The other camp includes those who took part in the Western Governors discussions about reform, like the Audubon Society and the Environmental Defense Fund. These are some of the major conservation voices in sage grouse management and are in many cases the same people that constitute Mead’s coalition of partners in Wyoming.
They haven’t offered glowing reviews of the bill, but say they want to remain at the table. The ESA is just too important to be taken lightly.
It’s called a bedrock law for a reason, said Nada Culver, director of the BLM Action Center for The Wilderness Society.
Before an endangered species listing changes the game, states can be concerned about a species and work to save it. But the ESA is the ultimate driver in many cases. It’s the risk factor — the massive change in flexibility where ranchers, companies or states lose authority, because there is a law that says “we will do whatever it takes to save this species from dying out,” she said.

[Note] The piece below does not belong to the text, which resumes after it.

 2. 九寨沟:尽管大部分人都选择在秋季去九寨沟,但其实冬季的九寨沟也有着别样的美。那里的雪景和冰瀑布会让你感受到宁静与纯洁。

“It’s a big flashing red warning light,” Culver said of the ESA. “If it was an intermittent glow would people take it as seriously?”
What’s in a governorship?
“When Sec. Zinke was talking about wiping out all the land management plans, Mead was one of the guys going ‘Whoa, go slow there. We’ve got a lot of relationships and we don’t want them poisoned.’”
Freemuth, Boise State University.
The risk of a sage grouse listing was a driving force in Wyoming’s work to save the bird. But what was striking about the coalition formed around Wyoming was that it worked.

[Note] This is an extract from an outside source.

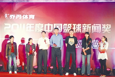 4月16日下午, “乔丹体育2011年度中国篮球新闻奖颁奖典礼” 在北京天坛饭店举行。中国篮协领导与男女篮运动员王治郅、陈楠等出席了颁奖典礼。据悉,本次有25个作品获得2011年度篮球新闻奖。图为篮球运动员与部分获奖者合影。王梦洁 摄

Mead gets a lot of credit for that, said Freemuth.
He now has a reputation for moving the needle on an extremely difficult topic.

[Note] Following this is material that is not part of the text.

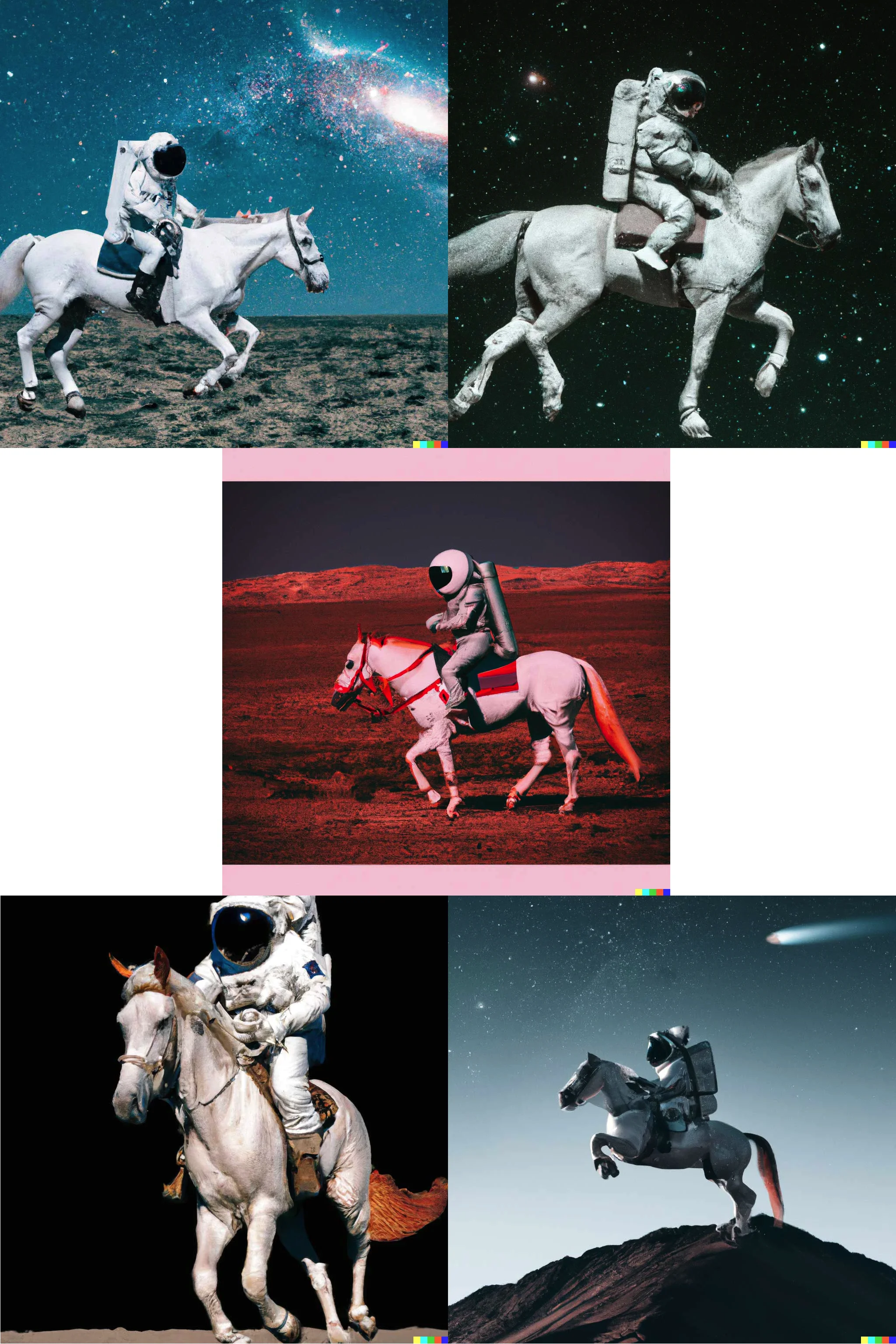 不過,在ChatGPT之前,OpenAI 所推出的 DALL·E 2 就已經令人感到驚訝,使用者只要輸入簡單的文字提示(prompt),就可以透過 AI 產生高品質的圖像。以 DALL·E 2 官網首頁的展示為例,輸入“An astronaut riding a horse in photorealistic style.”後,DALL·E 2 自動產生以下圖像:

A male sage grouse struts in April on a lek in southern Natrona County.
When Zinke threw out suggestions last year to undermine sage grouse protection in the West, Mead became a political counterweight that was not paralleled in the public sphere at the time. He made various statements both publicly and in letters to the Trump administration, cautioning against drastic changes to the bird’s protections.
Within a few months the rhetoric had died down. Talk of population targets and captive breeding from Zinke have vanished. Though conservation groups are still fighting some of the proposed changes, and they are likely to result in lawsuits, the coalition in Wyoming has held together.
The question, however, is whether such a coalition can exist on a national stage.
“I think the sage grouse effort, in particular, it really was the Wyoming way,” said Stoellinger of UW. “Everybody had a common goal they were working toward. It was really a grassroots effort. That might be hard to replicate.”
For Freemuth, the governors certainly have a challenge because the ESA is a regional issue. But governors do have sway if they can convince their senators.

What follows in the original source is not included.